This time of year is all about families getting together and celebrating what’s important. However, there’s another element to a gathering of so many adult relatives for the holidays.
It’s called “revertigo,” when people slip into old patterns from earlier in their lives.
You may already know the drill — your grown-up children revert to bickering over the roast turkey, or maybe the youngest is still deemed the “favorite,” so all hell breaks loose. Perhaps you and your siblings even go at it like old times!
For those few days together, it’s as if everyone forgets they’re all well-functioning, responsible members of society, and instead they’re back in the sandpit.
But don’t feel like it’s just your family — many people feel their family relationships are negatively affected during this time of the year, despite all the “joy to the world.” So why can this happen?
No matter how much time has passed, returning to the family home can be emotional. Unsurprisingly, people fall back into the “games, dances, and dynamics” of old relationships, says psychologist Clare Mann.
Memories are dragged up, the same stories and in-jokes are rehashed ad nauseam, and long-standing disagreements resurface, adding to it being such a high-pressure time of the year.
“It’s almost like suddenly everyone’s on autopilot,” Mann explains. “Our defenses come down, especially if we’ve had a drink, too, and we slot back into that old way of being.”
Neuroscience may also have something to do with old habits and behaviors cropping up. It turns out that even when people have the very best of intentions, sometimes patterns are hardwired into our brains.
Research even shows emotions can be elicited from different environments, so something as familiar as a childhood home can be a powerful trigger for some people.
And, like many of our family histories, that can mean the good, the bad, and often the downright complicated!
Smell is another evocative prompt for rebooting memories, according to the journal Cognition and Emotion. Once you throw in sleeping in a childhood room or backyard cricket, it can be a fast track to a psychological minefield.

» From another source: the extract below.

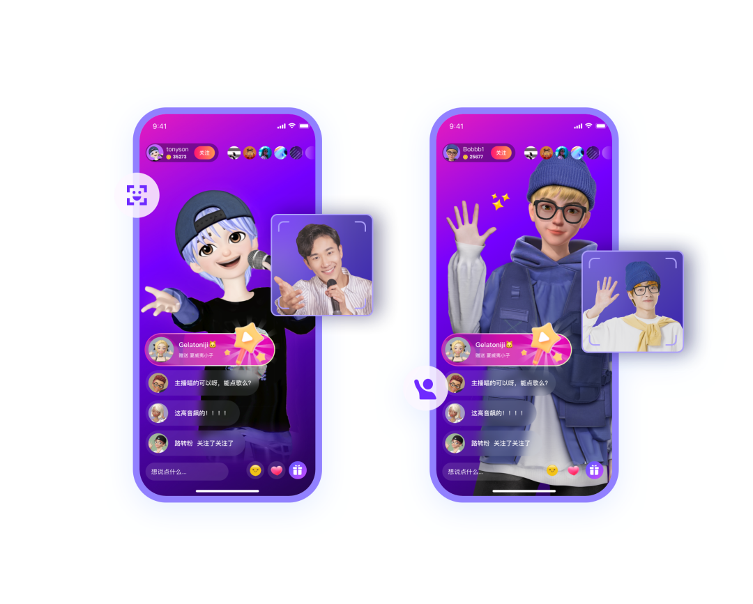 应用了Avatar之后,虚拟主播的变得可萌可御,可呆可燃。其动作、表情、手势都是实时捕捉输出,打破次元壁垒,完美呈现多元形象。同时还可以突破真人主播的限制,让相同背景下的连麦互动触手可及,配合道具及不同场景,也会有更多有趣的直播玩法诞生。

“People slide back into those roles and then buttons get pressed,” Mann says.
“This is because our unconscious intentions and behaviors can be more influential than our conscious desires. Our brains are so used to being a certain way with our families that it just slips and slots us back into that old routine.” Even if that’s not what you really want.
A Bright Outlook
Every festive season is filled with so many expectations for things to be perfect. Guess what? That’s not going to happen! Perspective is key.

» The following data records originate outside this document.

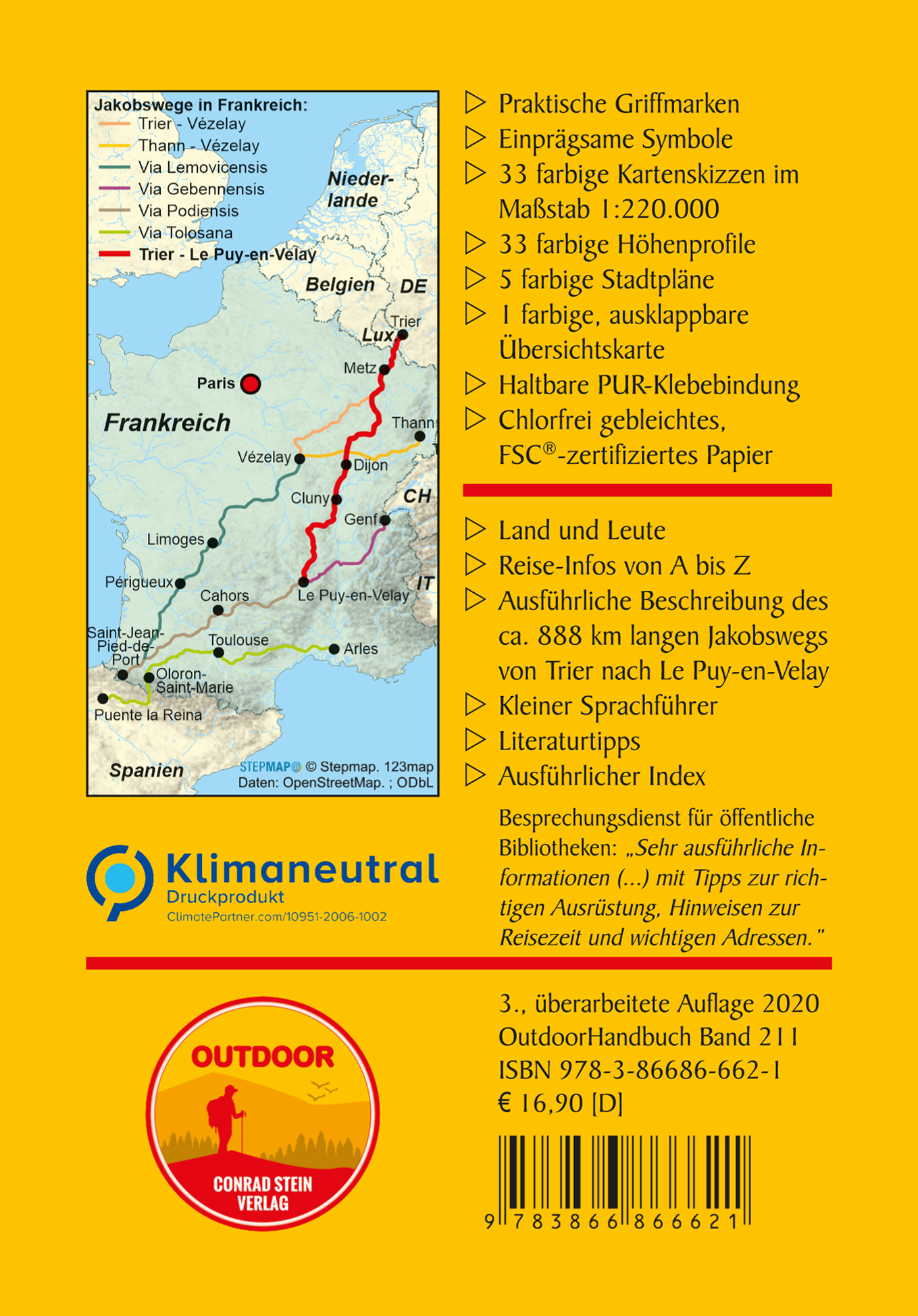 "Dieser Wegführer ist unerlässlich für alle, die zur Zeit von Trier zum Ausgangspunkt der Via Podiensis in Le Puy wandern wollen." (Die Kalebasse)
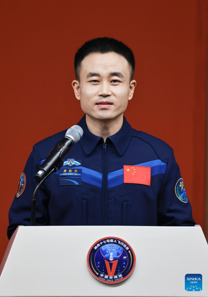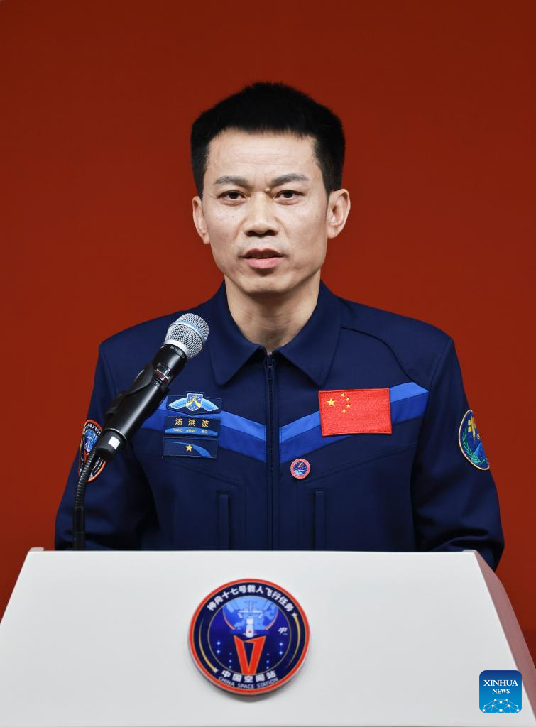 Tang Hongbo, one of the three Chinese astronauts who will carry out the Shenzhou-17 spaceflight mission, meets the press at the Jiuquan Satellite Launch Center in northwest China on Oct. 25, 2023. (Xinhua/Li Gang)
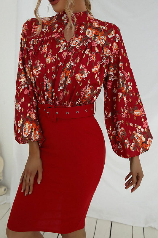 Pattern type: Floral Style: Classy Features: Belted Neckline: Mock neck Length: Knee length Sleeve length:...
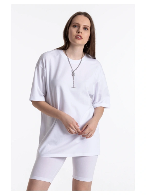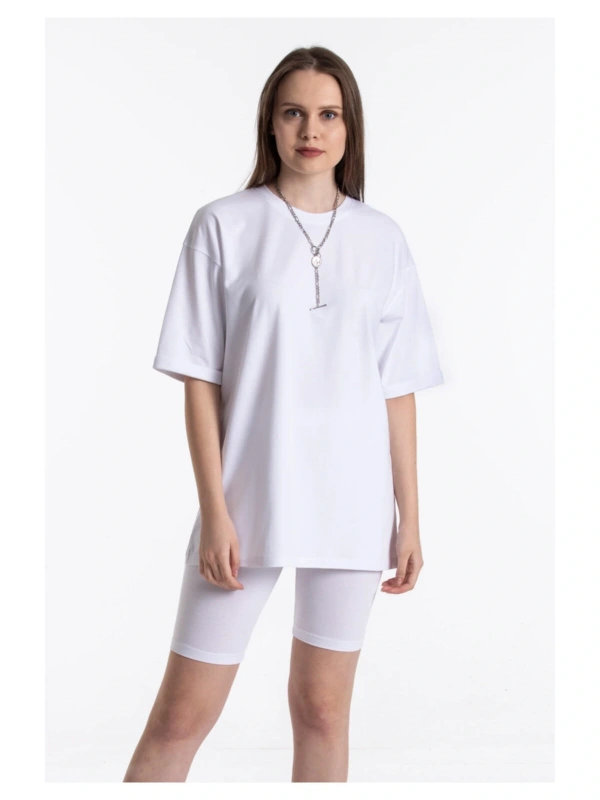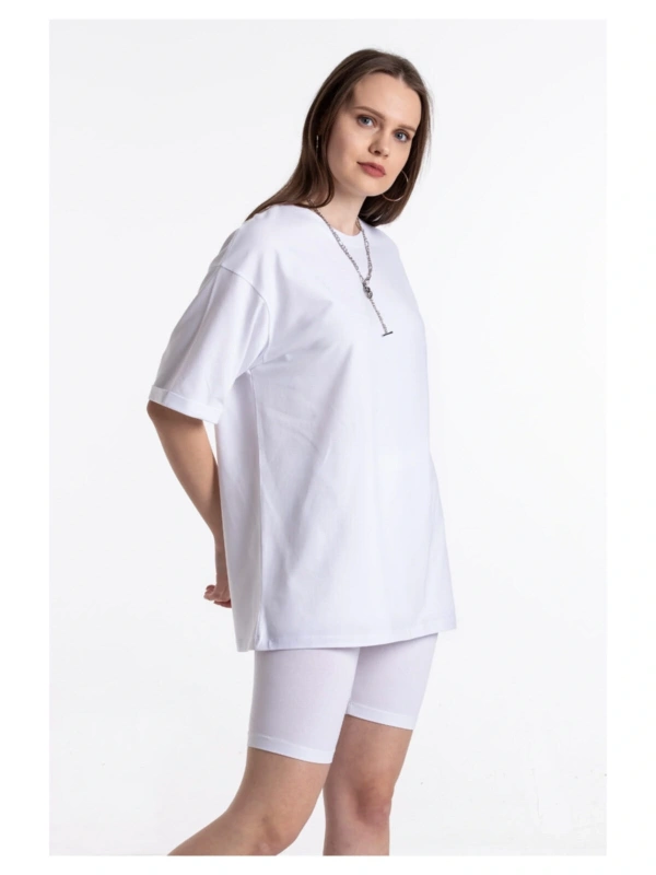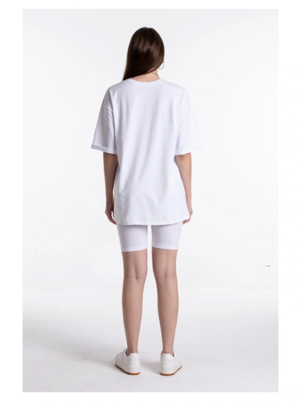 Beyaz Renkli, Düz, Kısa Kollu Boyfriend T-shirt Ve Biker Tayt Takım
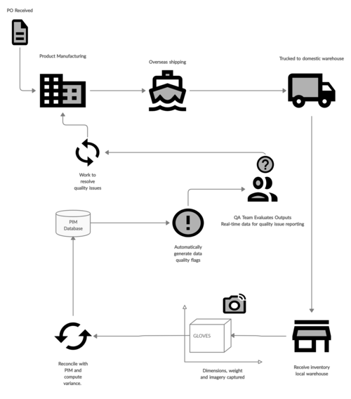 Torq IT developed an innovative 2-way sizer platform using Pimcore as the backbone of the process. After arriving at the distribution partner, the product shipment is unloaded and carted to the QA area where the barcode on the product case is read and validated by the QA system. The operator then places the product case on a parcel sizer and takes a webcam photo of the product, measures its dimensions, and weighs it. Each scan coincides with a barcode reader scan and is used for barcode validation as well as operator ease of use. The scanning process is quick and operators can scan 100-200 items per hour. Each barcode scan is stored as a unique record by SKU/case size in the PIM system. Historical data for a given SKU can be viewed to show each time the SKU was scanned and data points across scans can then be compared to determine any variance between the new scan and the historical scans. For example, imagery from each scan session is stored and can be used to diagnose any box art issues. If there are variances, the QA operator can create a QA ticket or take another action based on the results.
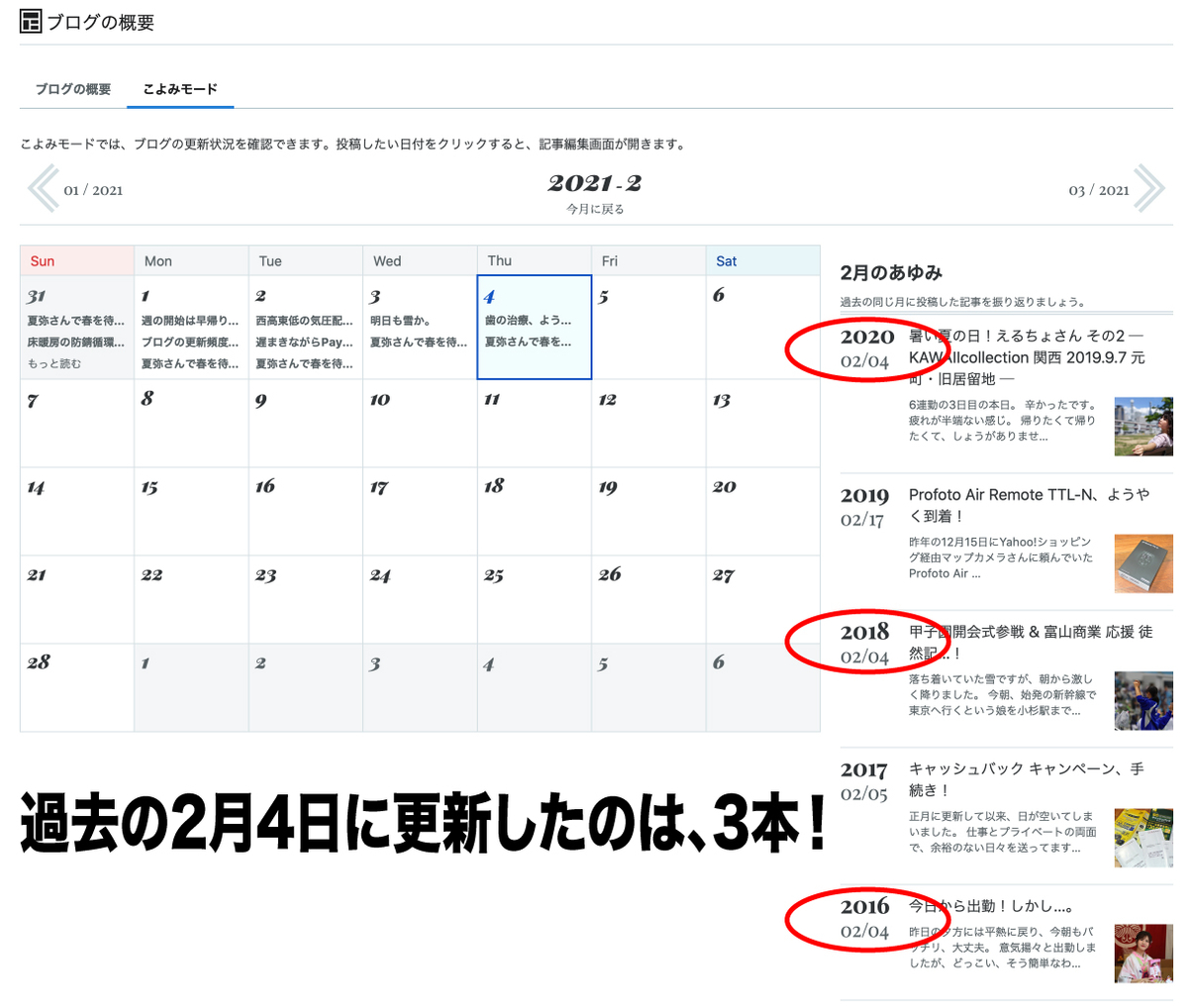 はてなブログのブログの概要「こよみモード」で表示される「2月の歩み」コーナーですが、2月4日分が過去5年で3本該当していました。

“This year, ask yourself what you’d like to get out of [the holidays] with your family in an ideal world,” Mann says. “Then, after looking at your family’s history and reality, ask yourself what you’re likely to get. That way, you’re not setting yourself up for disappointment.”

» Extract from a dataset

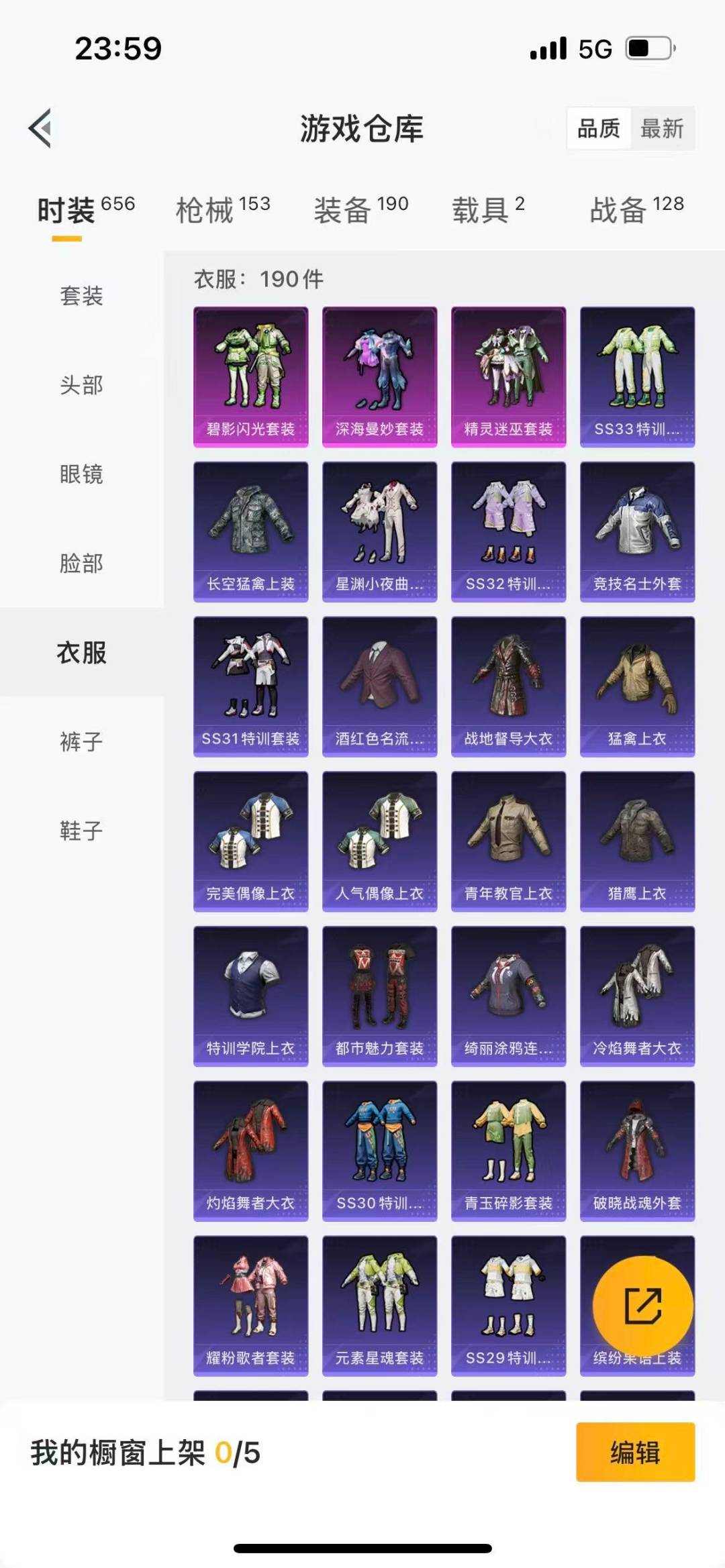 - [12029850]2粉装 6特效枪 1载具 3印记 可二次 可修改实名 身法装备:Mark.06(新蓝螳螂) 优质装备:兰博基尼Aventador SVJ(翡翠绿),AKM炫紫旋律,SLR暗夜玫瑰,UMP45恐龙拽拽,AWM橘柚倾心,SCAR-L-锦绣绵绵,Kar98K-巳巳如意 热门装扮:恐龙拽拽,金丰海韵,鹰眼刺客,暗夜魅影 六级特效枪:六级AKM-炫紫旋律,六级UMP45-恐龙拽拽 五级特效枪:五级Kar98K-巳巳如意,五级SCAR-L-锦绣绵绵,五级AWM-橘柚倾心 四级特效枪:四级SLR-暗夜玫瑰 紫色装扮:SS22特训,娇憨猪猪,萌趣咩咩,SS21特训,SS31特训套装,冰川特警,SS20特训,快乐星愿,萌趣颜团子,特种颜团子,飞驰魅影,音速流光,SS19特训,豚鼠丹丹,吉莉礼服,甜心亚梦,虚音幻奏,雪兔飞飞,电音精灵,瑞龙福将,团圆交子,醒狮腾龙,SS17特训,沁蓝冰爽,异彩先驱,SS18特训,长空猛禽,霓虹极客,霓虹街区,缤纷果语,蓝色守护者,虎虎生威吉莉,骑行爱好者,魅力单车,鹤鸣,麻辣教官,黄色运动,黎明保卫者,黑色伏地魔,龙的传人,龟仙人,冰河战士,龙魂突击队,蝶变,沙漠毒蛇,格斗先锋,沙漠兵团,活力之心,海岛探路者,涂山之恋,滨海假日,幻影武者,夏日音浪,夜莺强袭者,幻世战舞者,怒火燎原,探宝勇士,滨海厨神,绮丽涂鸦,白色伏地魔,甜蜜告白,福星高照,空岛之星,空投萌叽,竞技达人朋克,甜蜜熊情侣,牛气冲天,灰色格斗者,炫蓝之夏,牛气满满,猛禽,雏菊兔兔,萝兰蝴蝶,SS29特训,湖畔霞光,纯真浪花,热情海星,曼妙人鱼,SS28特训,创世·追猎,Mark.06(新蓝螳螂),鱼渊荷华,玉兔迎春,燕燕于飞,巳巳如意,竞技名士,惊鸿侠骨,SS24特训(SS24特训套装),SS25特训,锦衣飞扬,焰鹰斗篷,幻羽潜行,幽夜迷踪,SS27特训,Alan Walker,浪漫天命,SS26特训,隐空刺,蓝冰羽,SS32特训服(SS32特训套装),绯格组合,萌黄之夏,樱梦幻音,冰冻风暴 优质战备:守护天翼降落伞,创世·救赎降落伞,绮梦流光降落伞,公主华盖飞行器,金丰海韵降落伞,炙焰牛王降落伞,恐龙拽拽降落伞,星之彼岸降落伞,桃粉嫣然降落伞,垂柳戏鸭降落伞

It’s also worth rethinking how you approach others. If you’re expecting someone to act in a negative way — and treat them as such — they’ll probably play up to that.
“We can’t change the world, but if we change ourselves then we change our world, ” she adds.
Change starts with you. So if you fall into patterns that no longer make you happy, remind yourself that it’s alright to let go of the past and not play that role anymore.
Perhaps your family may create some wonderful new habits and rituals as adults that last a lifetime. Here are five tips that will help you out.
When you’re exhausted your defenses are down, so time-outs are important. “Just say to everyone, ‘I’m going to have a little lie-down for a little bit’,” Mann suggests.
Once you have some privacy, take some deep breaths and try not to go over any arguments in your head. Instead, try to put things in perspective and be the best you can be when you rejoin the group.
Admit your part.
Self-awareness is essential. “Ask yourself, What is my part in all of this?” Mann says.
“What is the tone of my voice? And what about my raised eyebrows? Once you change your behavior, then it will change your dynamic with others as they can no longer tap into your old reactions.”
Listen and ask questions.
It sounds obvious, but it’s not always easy — especially if something is said that makes you feel defensive. Luckily, it’s possible to get everyone on the same page.
“Maintain an open mind and ask more questions to clarify what they are really saying,” Mann says.
“Questions like, ‘What do you mean by that?’ and, ‘Can you give me a specific example?’ can be very helpful.”
She says, “When we haven’t seen people all year, then we sit in the same room for hours on end with alcohol and heavy food, is it any wonder that problems start?”
To reduce the risk, suggest an activity such as playing board games, going for a walk, watching a movie — or even enjoying a nap!
Try to diffuse conflicts arising from the tendency to regress to old behaviors at adult gatherings.